Great ResignationClimate ChangeLeadershipInflationUkraine Invasion

Blizzards Aren’t an Excuse to Slack Off at Home

March 14, 2017, 1:37 PM UTC

The Leadership Insiders network is an online community where the most thoughtful and influential people in business contribute answers to timely questions about careers and leadership. Today’s answer to the question, “What are your strategies for staying effective while working remotely?” is written by Dan Schawbel, author of Promote Yourself and Me 2.0, and research director at Future Workplace.

The advent of collaborative technologies, globalization of business, and desire for flexibility has created the remote workplace. Now with a variety of portable devices, employees can work from anywhere at anytime. This is especially relevant on days like Tuesday, with Winter Storm Stella descending on the U.S. East Coast and devastating work and travel with blizzard conditions.

In this telecommuting culture, work has become less about where you are and more about what you do, how you do it, and the results you generate for your company. A new global study by my company, Future Workplace, and Polycom found that nearly three out of every four employees say their company offers flexible work, and about a third telecommute regularly. An entire 79% of employees said they work with at least one person who isn’t based in the same office as them. In addition, most employees have their closest work friend in a different office location, proving that they are able to maintain relationships regardless of location.

While remote working has its benefits, such as flexibility and lower commuting costs, it also has its challenges. These challenges include the stigma that employees are being lazy, watching TV instead of focusing on their work and as a result having to work longer hours. The lack of structure of remote work can greatly expand your workday and the absence of face time can prevent promotions. In our survey, we found that over half of employees fear being judged harshly by their coworkers and are afraid that it will lead to longer hours.

In order to mitigate the drawbacks of remote work, you need to focus on maintaining relationships, over-communicating, and being accountable for your schedule and goals.

Aim for more personal interaction

While it’s easy to text and email your remote colleagues, you shouldn’t rely on either to communicate with them. Instead of being overly reliant on tech, set up more phone calls, videoconference sessions, or in-person visits in order to build stronger bonds with your colleagues and gain their trust. Our study found that nearly all (98%) of employees say that collaborative technologies make it easier to build relationships with coworkers, and nearly half pick up the phone more regularly after using the technology remotely.

Keep your coworkers up to speed

When coworkers can’t visually see you working on projects, they might not be confident that you actually are. By checking in with them more regularly and giving them updates on your progress, they are more inclined to trust you. Set at least one weekly mandatory meeting with your team so that you can give them updates and learn more about what they are working on—this way you can better support them. Use messaging apps such as Slack to increase team engagement and show that you’re an active contributor.


Make your own schedule and stick to it

When you aren’t working at a corporate office, you need to be accountable for how you allocate your time. Based on my experience as a remote worker for over six years, I recommend that you make a list of everything you need to accomplish in a given day, then order it from the most to the least critical to you and your team.

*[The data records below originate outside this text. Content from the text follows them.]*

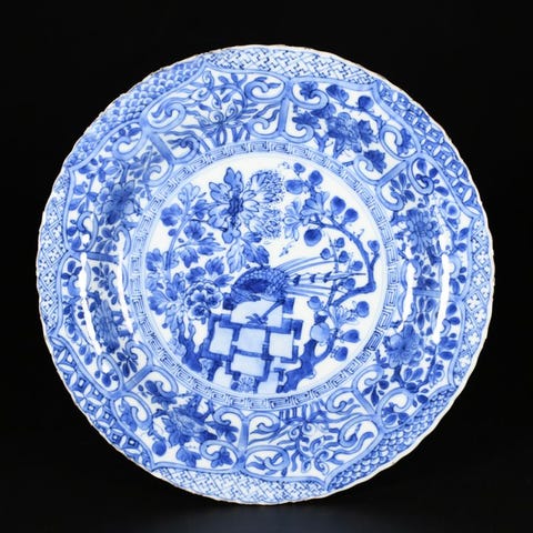 Kinesisk Kangxi-porcelænsø Østlig tallerken Grand Plat Famille Verte Kangxi, oprindelse Kina, højde 6,5 cm, længde 33,5 cm, bredde 25 cm, stand god med en sprække på siden og to grebshuller i bunden. Klik på den blå "gå til varen" knap, for at købe eller byde på denne vare. Den samlede pris vil blive vist inden du afgiver dit bud.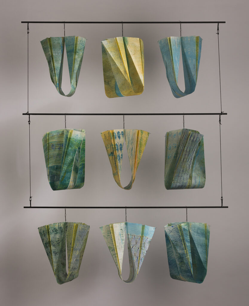 Chimera. Chimera is made of 9 collograph mixed media watercolor and oil monotypes, folded into forms, hung from metal rods. They twist and sway on the breeze. Printed on both sides of light weight Japanese kozo paper, the printing on the back shows through the front and vice-versa. The qualities of transparency and light are at play.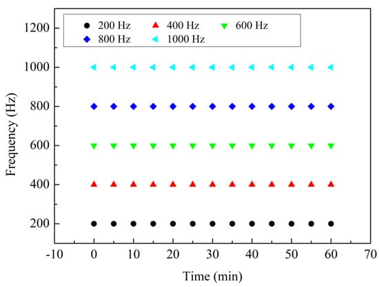 In addition, the stability of the sensor was investigated experimentally. A sensor with cavity depth of 75 µm and tail length of 15 mm was selected for the experiment. During the experiment, other parameters were kept unchanged, and the sensor was vibrated continuously for 60 min at a fixed frequency. The data on the oscilloscope was recorded every five minutes, and then FFT processing was carried out. The frequency range of the stability experiment was 200–1000 Hz, and the interval of the experimental frequency was 200 Hz. The experimental results are shown in Figure 14, from which one can see that the measured values of each frequency are quite stable.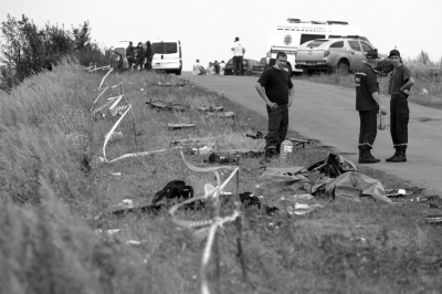 一些記者19日看到民間武裝人員把裝有遺體的袋子裝入卡車,隨后運(yùn)離墜機(jī)現(xiàn)場。截至昨天,全部遺體都已從現(xiàn)場被運(yùn)走,用于標(biāo)記遺體位置的系著白布的小木棍不見蹤影,而緊急情況應(yīng)對(duì)人員繼續(xù)在現(xiàn)場搜集殘骸。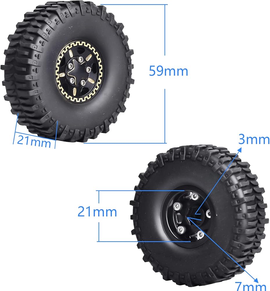 ✔Tires OD 2.05" (52mm); ID 0.83" (21mm);Width:0.75" (19mm); Axle Hole: 3mm; Wheel Hex: 7mm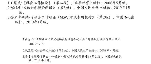 复试:复试参考书可以参考中国社会出版社的最新版的社会工作综合能力。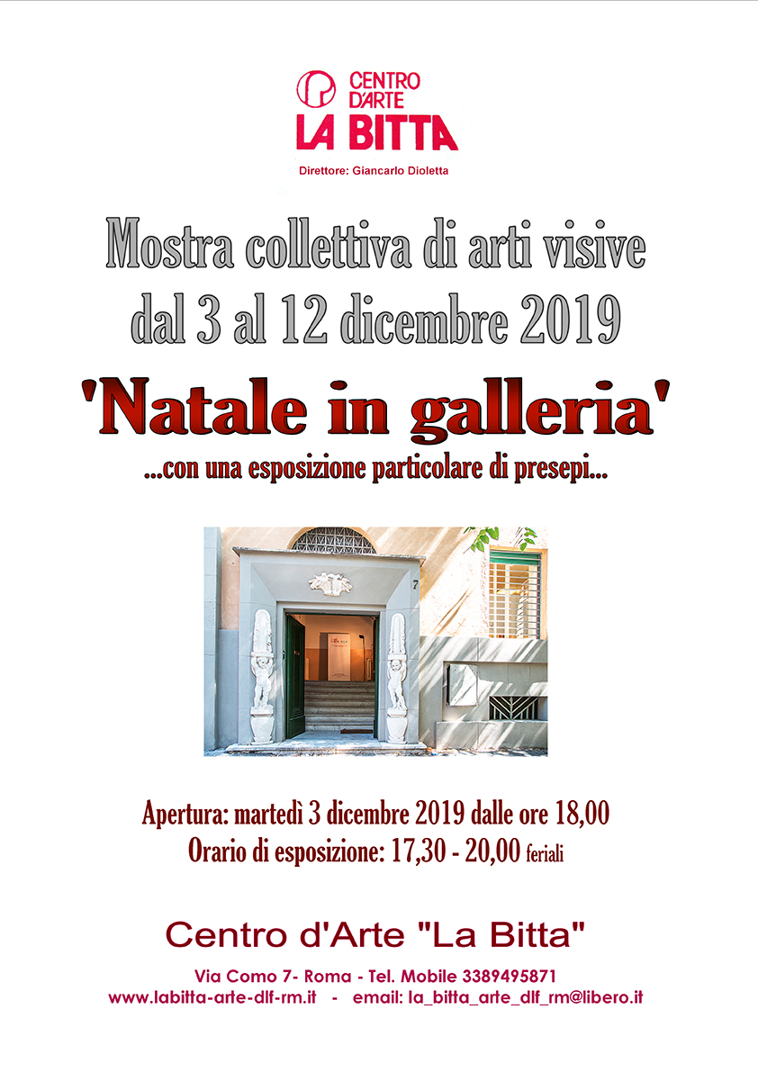 Con la mostra collettiva di arti visive " Natale in galleria " si conclude l'anno 2019 nel quale il centro d'arte La Bitta ha manifestato con i propri eventi tante espressioni di natura artistica e si propone con entusiasmo per prossimi appuntamenti che lo attendono. La mostra è a tema libero pertanto, in quest'occasione, si darà ampia scelta all'artista che vorrà esporre le proprie opere pittoriche, scultoree e fotografiche. Inoltre quest’anno verranno esposti anche dei particolari presepi per la gioia dei bambini e non solo!

You should perform the most critical tasks at the start of your day when you are the most alert and productive. You should also take breaks consistently at the same time every day to give yourself time to relax and reinforce your structure. These breaks can include going to the gym, cooking, or coffee with a colleague.

Set specific, achievable goals

As a remote worker, you need to be fully aware of both what your manager expects of you and your personal view of success. When you check in with your manager, make sure you come up with goals that can be measured and attained so that you can actually accomplish them. You should also have developmental goals, since you will be accountable for learning new skills, tracking industry trends, and mastering your current role.

If you aren’t a remote worker today, there’s a decent chance you will be in the future. Following these strategies will help you make the best of that situation.